I'm interested in researching dynamics of MEV in PoS Ethereum and effects of centralization pressure, among other things. I'm also interested in mitigations of risks as part of immediate efforts of out-of-protocol PBS built by Flashbots in mev-boost and ways to achieve resilient relays.

EPF Update #1

EPF Week 1 & 2

TLDR:

1. Deep-dive into MEV from the lens of Ethereum PoS security, ways mev-boost helps, ways mev-boost adds centralization and safety & liveness fault risks
2. Started exploration of exported bulk data from Flashbots MEV-Boost Relay.
3. Initial deep-dives into mev-boost repo and relay-monitor repo & design doc

I've spent the majority of week 1 reading about various ongoing core development efforts ranging from AA, EVM improvements, statelessness roadmap, and MEV. For MEV I've been mostly interested in the current roadmap for in-protocol work as well as open research questions around MEV in PoS Ethereum. I spent the rest of the week, weekend, as well as last week doing a deep dive into the history of MEV on Ethereum, current state of MEV as it pertains to the health of the Ethereum network, and open problems.

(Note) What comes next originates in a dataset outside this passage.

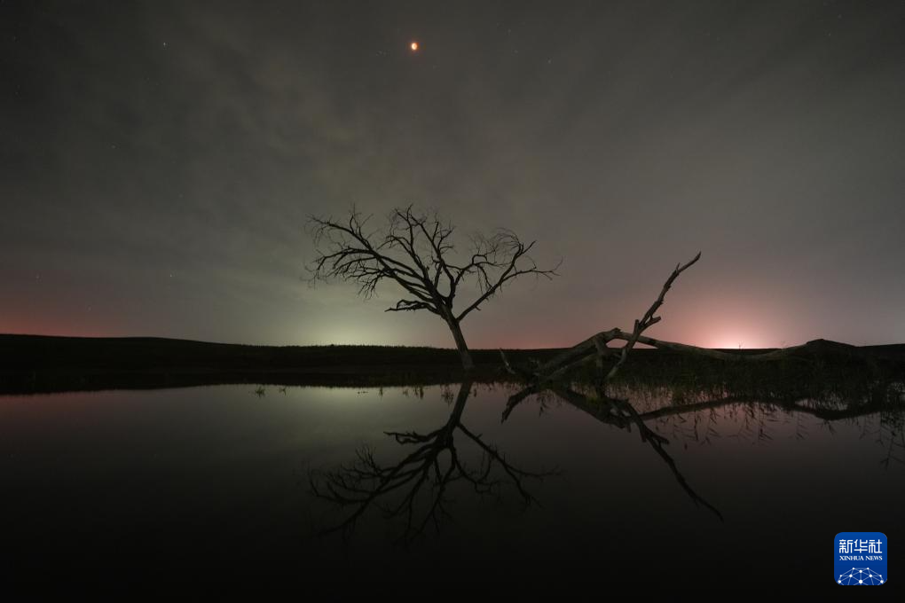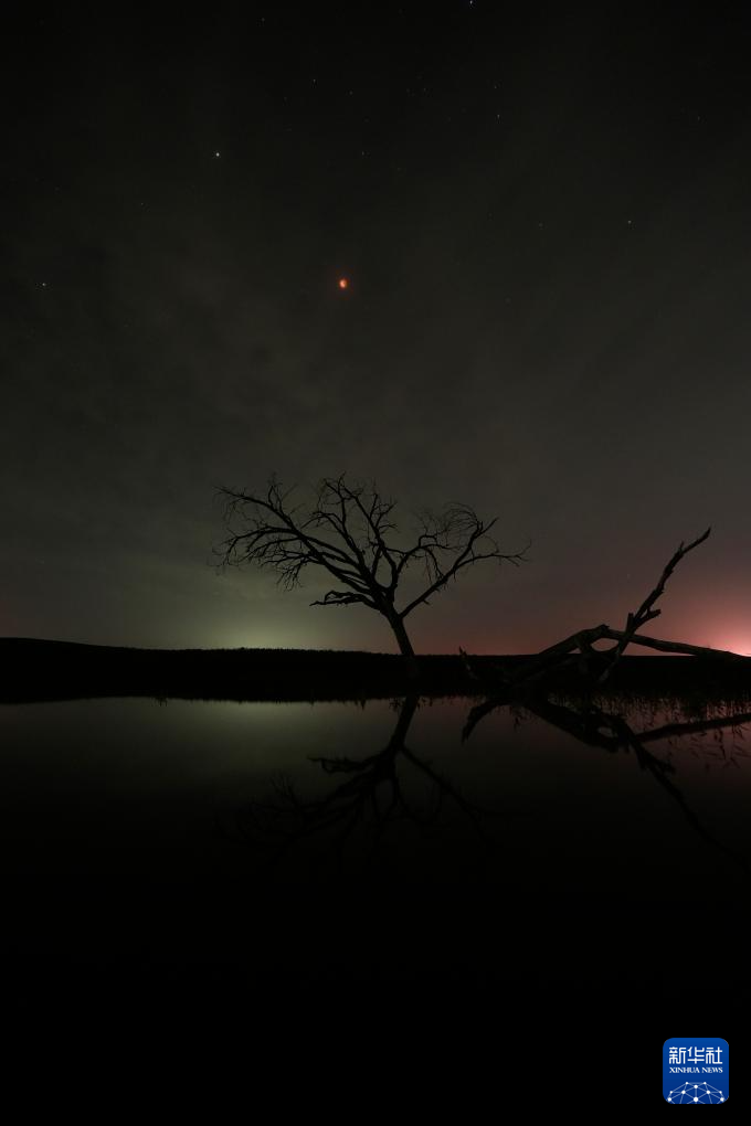 這是9月8日在寧夏吳忠市鹽池縣馮記溝鄉拍攝的月食景象。

Below are a set of notes I've been taking that are relevant to a few current development efforts, but I also am in-progress of organizing a lot of this deep dive into a structured book-like format that I'll type up in either here, or a separate repo, or perhaps on something like Notion / HackMD. I found that there is a lot of MEV research and MEV learning materials out there, but it's easy to get lost following trails of links from articles, to notes, to videos, and back to articles, so I'll be working on typing up a linear progression that has worked for me to understand why MEV is front and center when it pertains to PoS Ethereum and some very serious centralization risks that come with it that are closely related to guarantees of liveness & safety of the system.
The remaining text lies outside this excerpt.